I pretended not to remember what they looked like, maybe I really didn't, after all, after a few years, after all, there are so many things that people need to remember now. Yet, they dwelt in the depths of my heart, and sometimes came to me in my dreams—and if for a time they came into my dreams frequently, I would tell my father, and go back to see them in my place; Or, I myself went back from thousands of miles away, like this time. More often than not, they just look at me from a different perspective, growing up, working, working all day long and finally having a home.
The old house is long gone, and I was stunned for a while. I didn't think about anything, I frowned, not that I was unhappy. My heart is filled, but it is also quiet, peaceful, peaceful. There are so many memories flooding back, there are pictures of running crazy in childhood and laughing too loudly, and countless vows made up to get out of here.

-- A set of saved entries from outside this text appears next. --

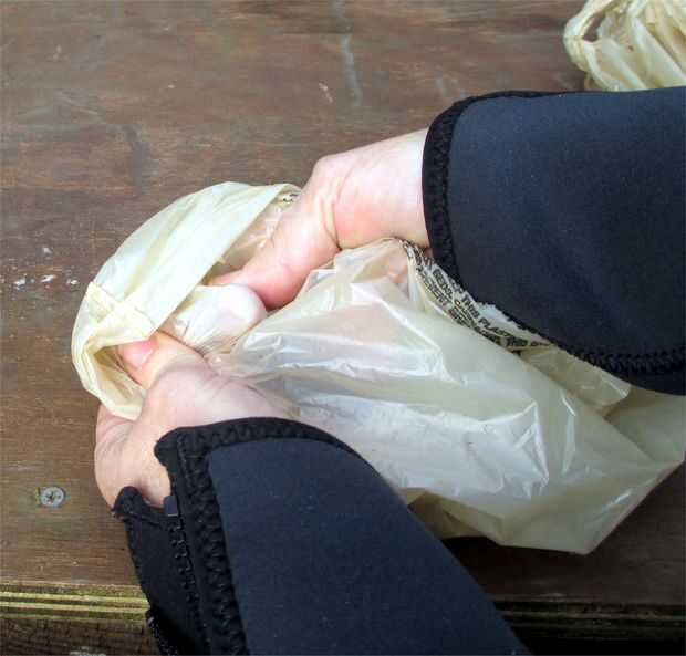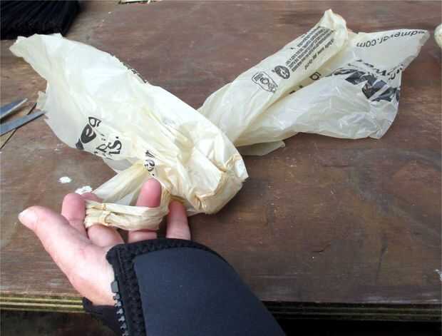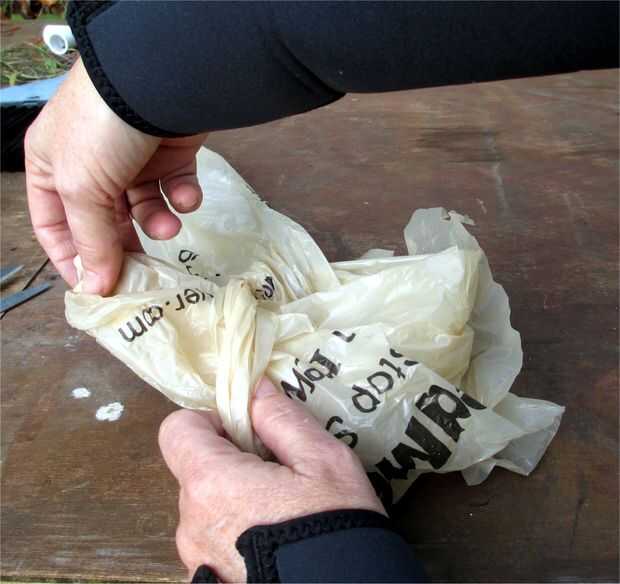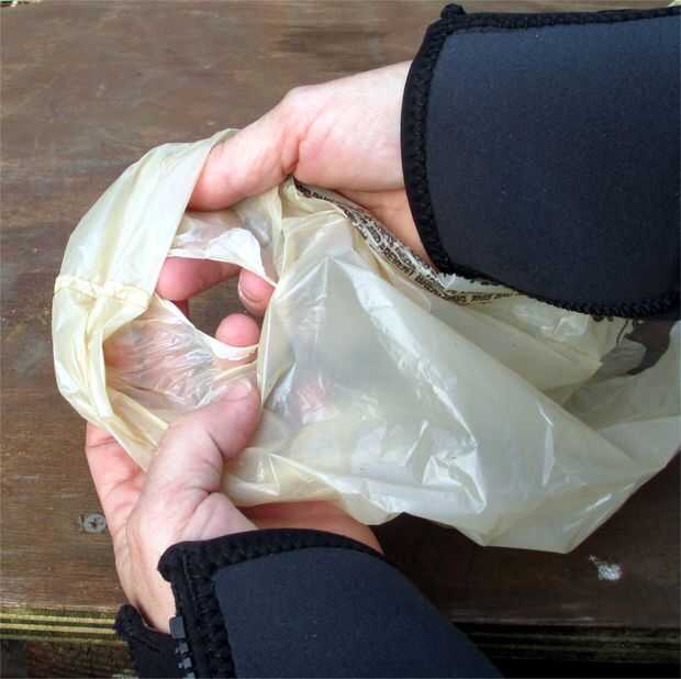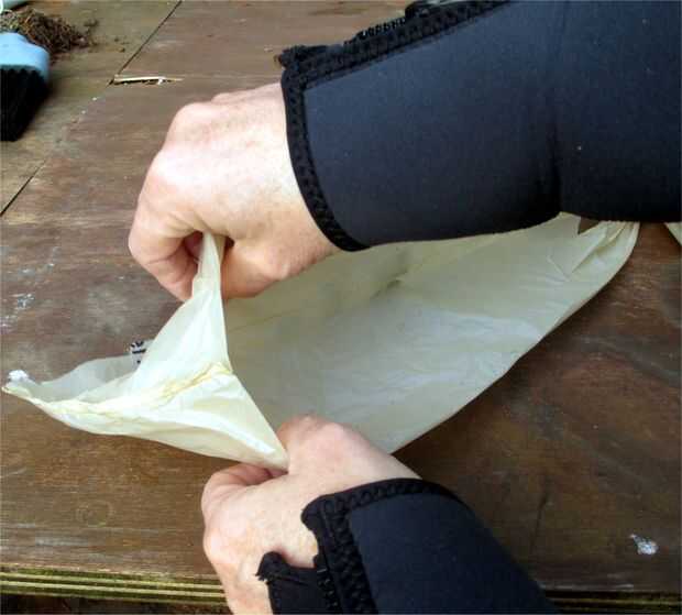Rasgar un agujero minúsculo en el lado cerca de la costura inferior.
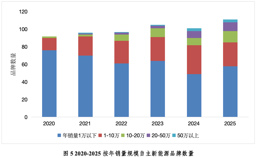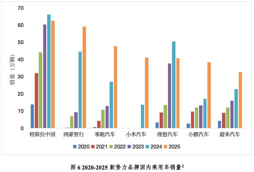 新势力阵营经历深度洗牌。从2020-2025年新势力销量走势来看,行业格局呈现出“淘汰一批、突围一批”的鲜明分化态势。年销量破万的自主新能源品牌数量由2020年的16家,增加到53家。鸿蒙智行、特斯拉、理想、小鹏、蔚来、零跑、小米等品牌凭借技术创新、产品迭代与精准的市场布局实现突围。而哪吒、威马等企业因产品缺乏核心竞争力、市场定位模糊等问题,逐步退出市场竞争。
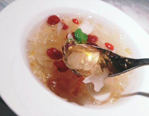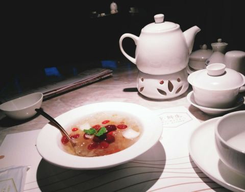 董鲜生海胆水饺店内环境优雅舒适,服务员态度很好,招牌菜是各种水饺,甜品也很好吃。 【桃胶雪莲】38一份,桃胶和银耳炖的特别粘稠软烂,入口即化,味道很好,淡淡的甜味,美容养颜哦。
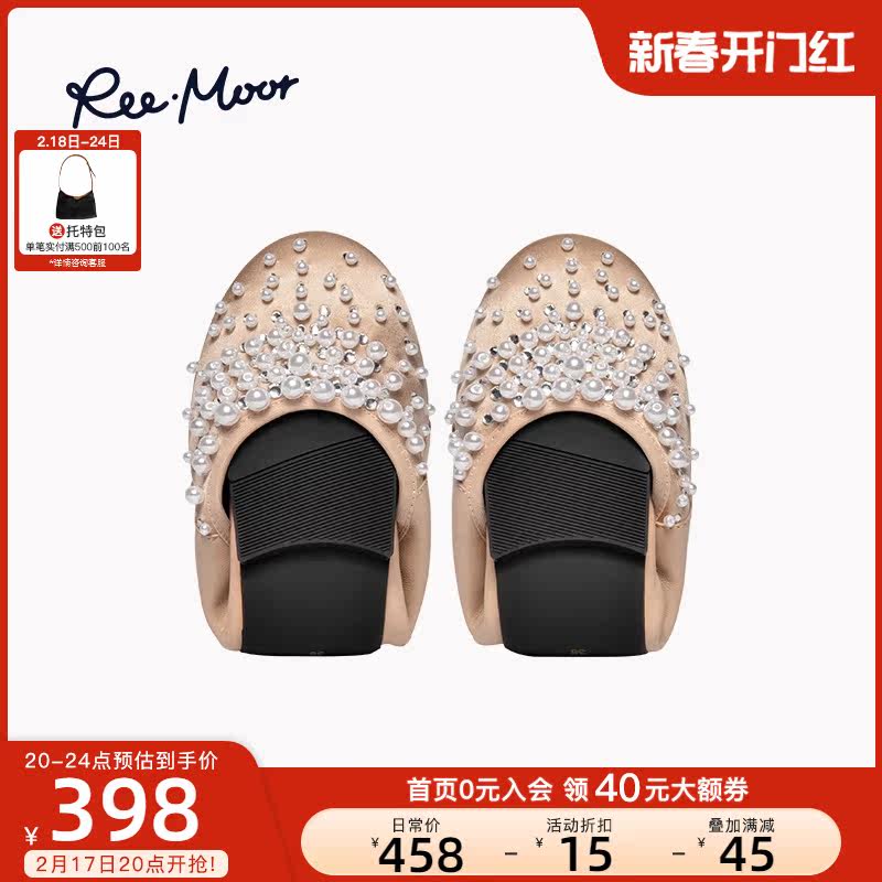 REEMOOR睿慕2024春季水钻尖头浅口平底鞋舒适软底时尚百搭单鞋女

I once asked myself, is there any point in those times fermenting in the years? Maybe. Growing up freely and unfettered, being in close contact with nature, loving sunshine and rain, and being curious about everything should be the answer.
But anyway, there's no going back. Otherwise, why is it called nostalgia? Only by being free can we be nostalgic.
This small village, which has been erased from the map, has no name, only the wild grass is growing wildly, and the walnut trees planted on the edge of the ridge are still there, and it looks lonely from a distance. In fact, how small my hometown is, and my homesickness is so small, no matter how small, it is enough to fill my heart. It sleeps on many nights, makes it difficult for me to sleep, scratches my heart, and a glass of wine is enough to get drunk.
Late one night, I changed my screen name to this one and told myself, "Don't dream about it at midnight." I became a testament to the village, I remember its name, and I can attest to the fact that it raised generations, sent it away, and finally disappeared completely. This is where I came from, but how many stories can I tell about the four seasons here, spring planting and autumn harvest, summer cicadas and winter snow, changing scenery, parents are short, sorrow and joy are mixed, birth, old age, sickness and death ......
How is it possible to quit midnight dreams? There will be many more dead nights when I will be tormented, inspired, seduced, and must come back here. Even if it's just breathing in the air, picking up a handful of dirt, picking a bouquet of wildflowers, breaking a twig here, picking up a few rocks and putting them in your pocket, and talking to the people buried here.
How pretentious is this, what's the point? I once watched others write about their homecoming trips, "I feel like I've been going back to ...... this year."I need this retrospectiveness, I need to think about it, I want to find evidence that I haven't failed. ”
This can be regarded as my "retrospective". Of course, it is not yet known whether it will be a "complete failure", and it is not important. The stubborn back of the year, bent on getting out of this small world, now has no obsession.
When we left, we also climbed upward, and when we reached the demarcation point, we stopped again. Looking back, there are wisps of milky white mountains floating in the distance, and below that is my village. "Qingshan Que is my home", the poet does not deceive me.
May you fall into a dream, and you will look back all the way forward, and you will think of returning.